Il modo in cui scrivo è molto stream of conscious, quindi creerò un piccolo pezzo di musica e poi lo ripeterò e canterò sopra per molto tempo—a volte fino a mezz'ora. E non sto pensando a nulla, davvero. Sto solo esplorando suoni e parole insieme. Poi, guardo indietro a quelle cose subconscie e capisco di cosa potrebbe trattarsi. E spesso parlo delle mie canzoni come: "la persona in questa canzone si sente così" o "la persona in questa canzone si sente in quel modo." A volte è solo: "Qual è questa sensazione che stiamo cercando di trasmettere?", "Cosa stiamo cercando di dire qui?" C'è un posto da cui scrivo che non è me, è solo una voce dentro di me che non penso sempre sia me.
Stai lavorando a un album completo. Come sta andando?

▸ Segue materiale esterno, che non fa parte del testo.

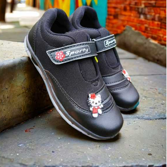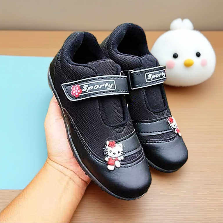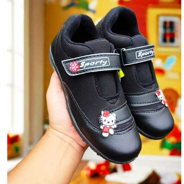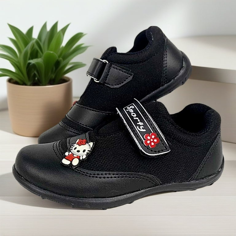 Sepatu Anak Flat Shoes Anak Perempuan Sekolah SD dan TK/Spotty Hello Kitty Hitam 26-35

Ne sono abbastanza felice! Stiamo appena iniziando la produzione ora, ma penso che sarà...penso che mi piacerà [ride]...quindi è buono! Suonerà abbastanza diverso dalle mie altre cose, ma immagino che dovrai solo aspettare [ride].
Amileah Sutliff è una scrittrice, editor e produttrice creativa con sede a New York ed è l’editor del libro The Best Record Stores in the United States.